Challenges of custom-engineering living tissue to fix a heart
Jianyi "Jay" Zhang, M.D., Ph.D., brought his biomedical engineering expertise to the University of Alabama at Birmingham to fix hearts.
His dream—and the dream of other heart experts at major research universities around the world—is creating new tissue that can replace or protect damaged muscle after a heart attack.
Zhang already took a major step toward that goal when he and colleagues protected pigs from post-heart attack heart failure. As described in his 2014 Cell Stem Cell paper, the researchers placed a mat of fibrin over the area where muscle had died and injected three types of cardiovascular cells underneath the mat. This is somewhat akin to starting new lawn by scattering grass seeds beneath a protective layer of hay. The fibrin helped some of the injected cells survive and grow, and they in turn protected the heart from further damage.
While Zhang's colleague at the University of Paris Descartes, Philippe Menasche, M.D., Ph.D., is currently testing this approach on five patients, Zhang is launching a new effort in biomedical engineering to improve heart repair, supported by a new $3 million grant from the National Heart, Lung and Blood Institute of the NIH.
Instead of injecting individual cells and hoping they take seed, Zhang plans to robotically build and grow a mat of heart tissue made from individual cells, using a custom 3-D printer. Surgeons will then place this custom mat of living cells over the dead, infarcted tissue of the heart, somewhat akin to starting a new lawn by laying sod.
"We will make our own printer, using machinery experts, robotic experts and computer science experts," said Zhang, who last fall became the new leader of UAB Biomedical Engineering, a joint department of the UAB School of Medicine and School of Engineering. "A robotic arm will pick up cells of various types from petri dishes and place them onto fine needles that are a few microns apart. The growing cells fuse after three to seven days, and the shape is based on the needles."
"Then we can lift off the tissue," Zhang said. "It is scaffold-less tissue engineering. I already have two Ph.D. students on the project."
The piece of engineered tissue will be "printed-to-order" to match the size and shape of the dead tissue in the heart, as measured by MRI. The prevascularized heart tissue could be quite large, up to 2 by 4 centimeters in area and 5 millimeters thick (about 0.8 by 1.6 by 0.2 inches). All the work must be done under sterile conditions in a culture medium that provides the oxygen and nutrients to keep the cells alive.
This UAB myocardial tissue patch, done in collaboration with Menasche, Duke University and the University of Wisconsin, will need to be tested in a pig model before it can move to human trials. "We want to take it to clinical practice in seven years," Zhang said. "That's why I came to UAB."
UAB's clinical and research expertise in heart electrophysiology will be vital, Zhang says, because the patch could cause heart arrhythmias, or uneven beating, if it interferes with the careful timing of the electrophysiological wave that directs each smooth contraction of the pumping heart. Engineers and clinicians would need to learn how to build the 3-D tissue to avoid any complications.
As Zhang expands UAB capacity in tissue engineering, he is also bringing experts to the UAB campus for the annual, NIH-sponsored Cardiovascular Tissue Engineering Workshop that he leads.

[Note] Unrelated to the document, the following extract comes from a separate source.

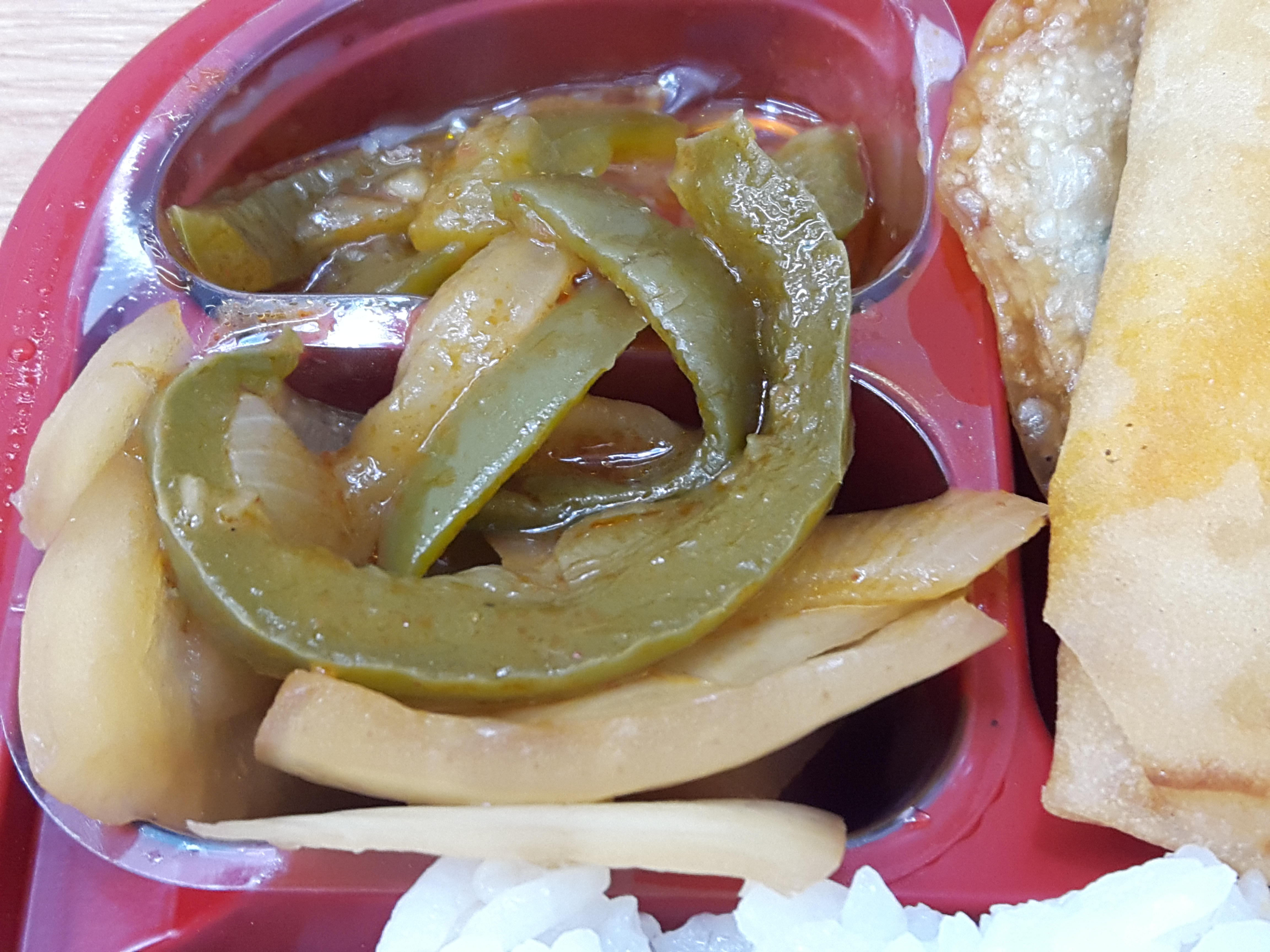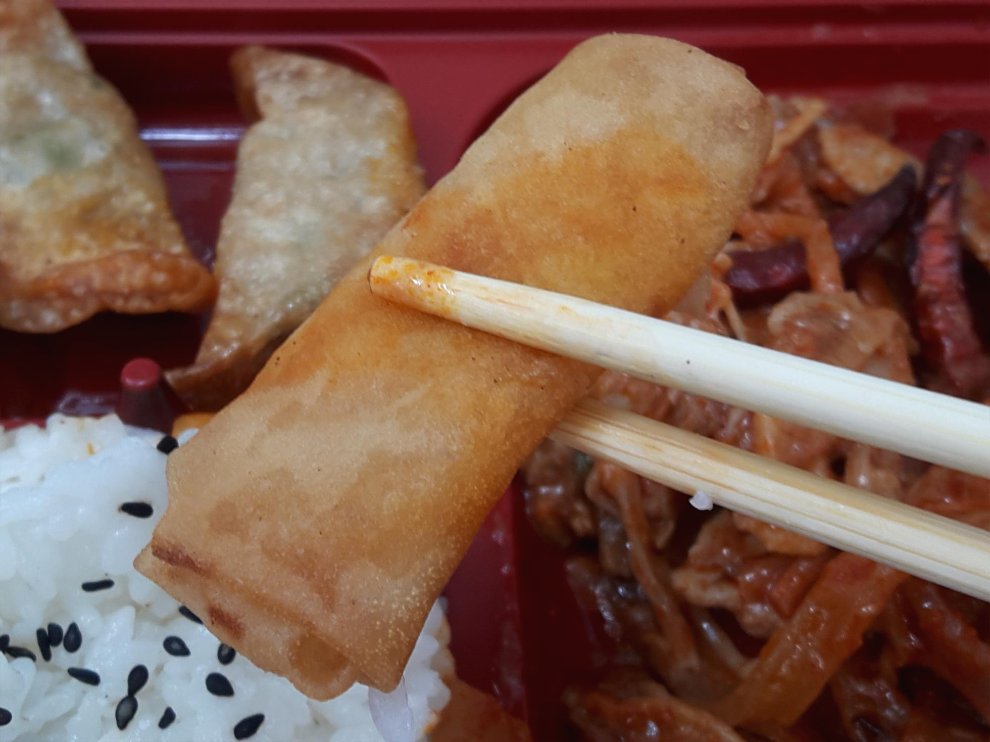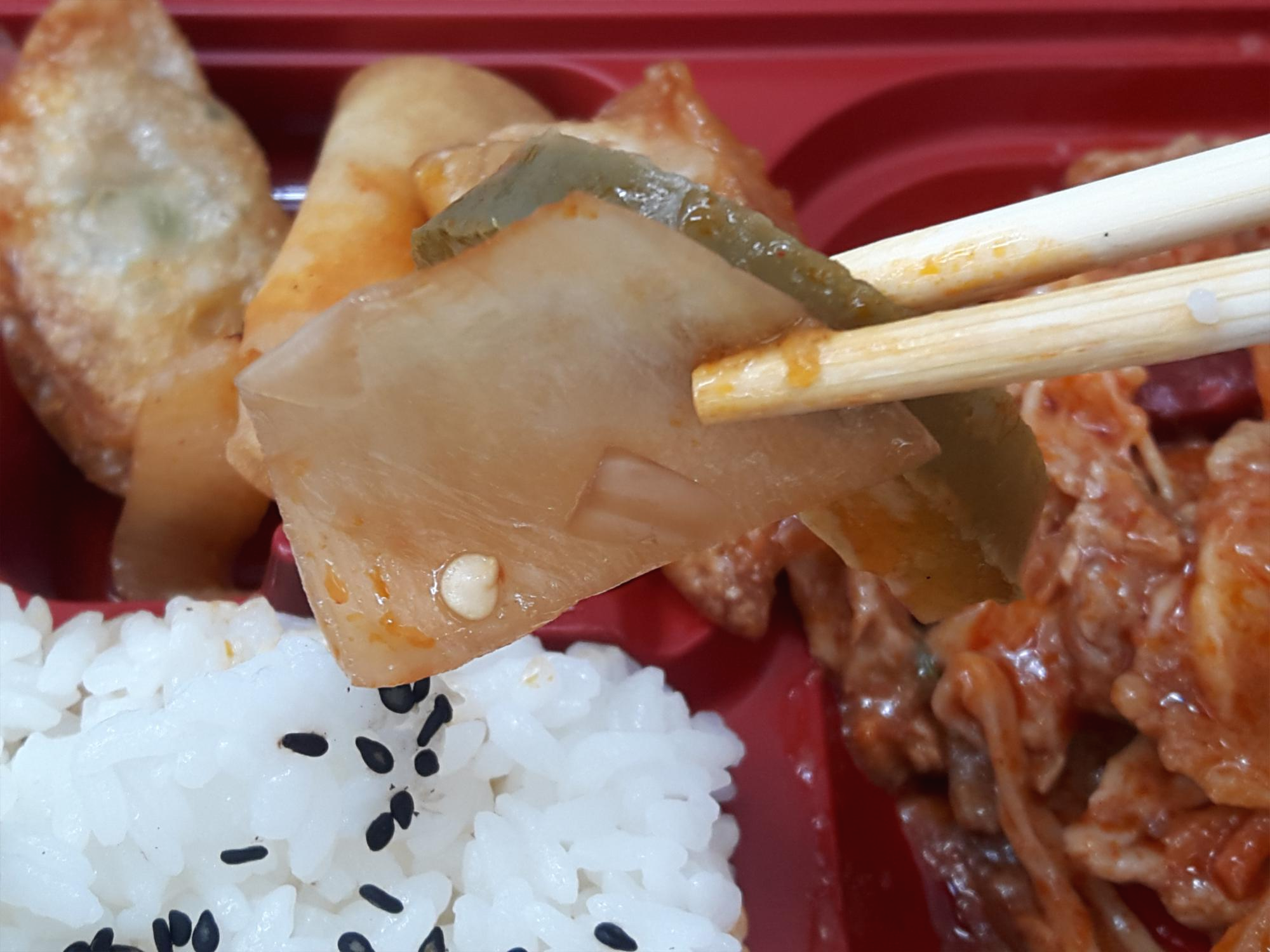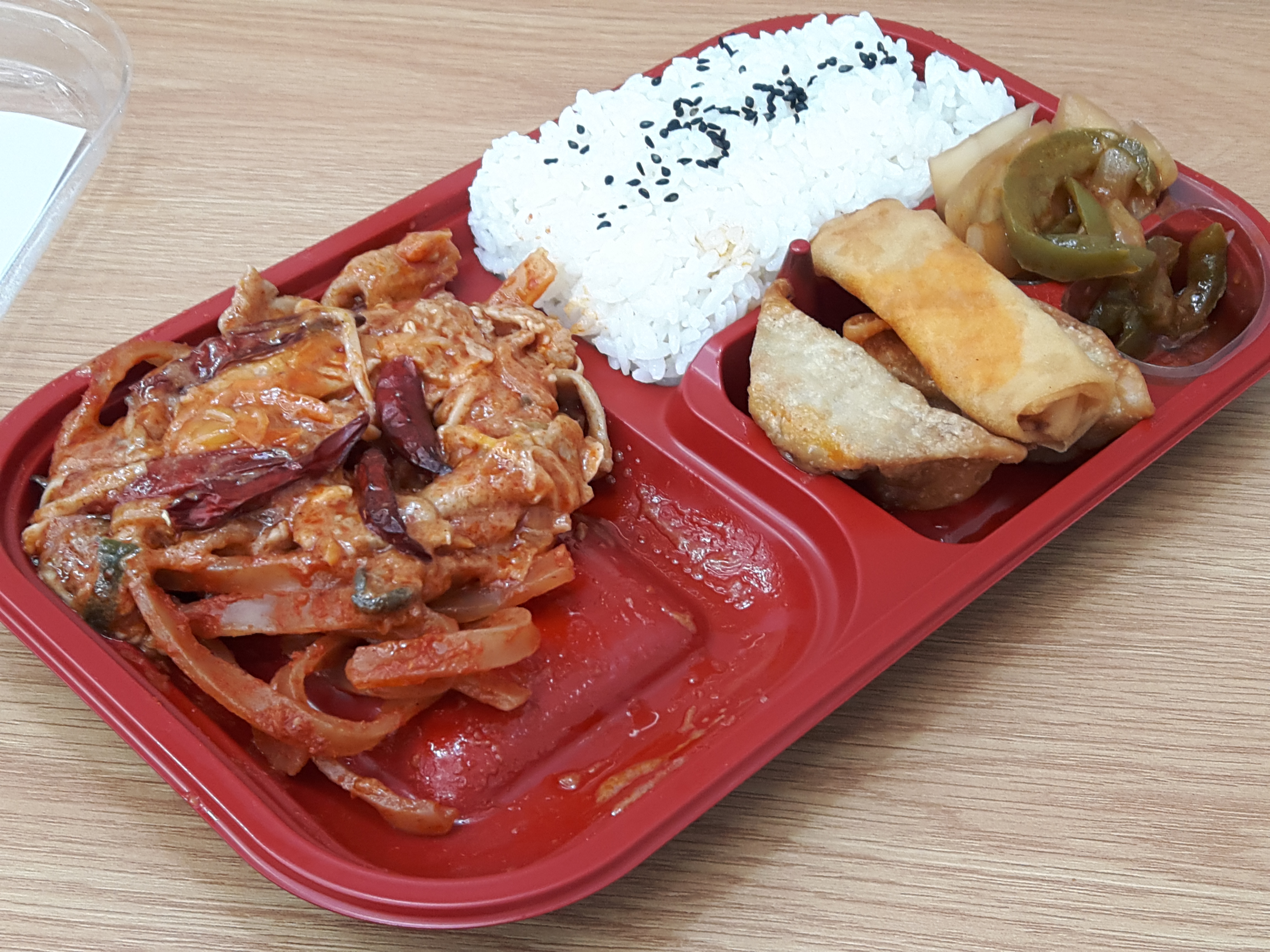 반찬이 전체적으로 무난해요. 양파피망조림, 만두튀김, 춘권은 그냥 무난하게 나오는 반찬이고요. 가장 유심히 봤던건 역시 짬뽕불고기죠! 매콤한 짬뽕맛나는 불고기에요. 독특해서 좋아요. 일반적으로 맵게 볶은 돼지불고기보다 1.5배 정도 더 매운거 같아요. 그리고 안에 당면이 들어 있어서 당면먹는 재미도 있고요. 기간한정판매상품인거 같은데 저는 계속 쭉 판매해도 좋을거 같아요. 독특해서 맛있네요. 다만 말린고추는 먹으면 엄청 매워서 한쪽으로 빼놨어요. 말린고추 좀 적게 들어갔으면 좋겠어요. 그리고 당면도 좋지만 고기양이 조금 아쉬웠네요.

In 2015, before Zhang came to UAB, the Zhang-led group of physicians and scientists met at Stanford University, and a perspective piece on the five central challenges to realizing heart repair, "Distilling complexity to advance cardiac tissue engineering," was published June 8, 2016 in the journal Science Translational Medicine. Besides Zhang, authors include researchers from the University of Minnesota, Duke University, Harvard Medical School, Stanford University, the University of Paris Descartes, the University of Washington, the University of Toronto, Georg-August University Gottingen and Columbia University.
The workshop met at UAB last March for the 2016 meeting, and will again meet at UAB in 2017.
Details of the research
After a heart attack, the heart muscle cells around the edge of the infarcted scar of the left ventricle, the most powerful pump chamber of the heart, get overstretched. Weeks, months or years later this can cause an enlargement of the heart called post-infarction left ventricle remodeling. This leads to heart failure.
Groundwork for producing the engineered tissue meant to prevent remodeling relies on research progress with stem cells, cells that have the ability to differentiate into different types of cells. The 2014 Cell Stem Cell paper, for example, used a combination of three types of cardiovascular cells derived from human induced pluripotent stem cells—cardiomyocytes, endothelial cells and smooth muscle cells. The fibrin patch was also engineered to release insulin-like growth factor.
The cardiomyocytes were able to integrate into the heart and generate organized muscle structure, while the endothelial and smooth muscle cells contributed to heart blood vessels. Pigs getting this trilineage cell transplant had significant improvements in left ventricular function, myocardial metabolism and density of arterioles that branch out from a heart artery. The transplant also reduced infarct size, ventricular wall stress and apoptosis, or programmed cell death. Furthermore, the treatment did not produce arrhythmias.
For the clinical test with human patients in Paris, Menasché is using trilineage cells derived from human embryonic stem cells.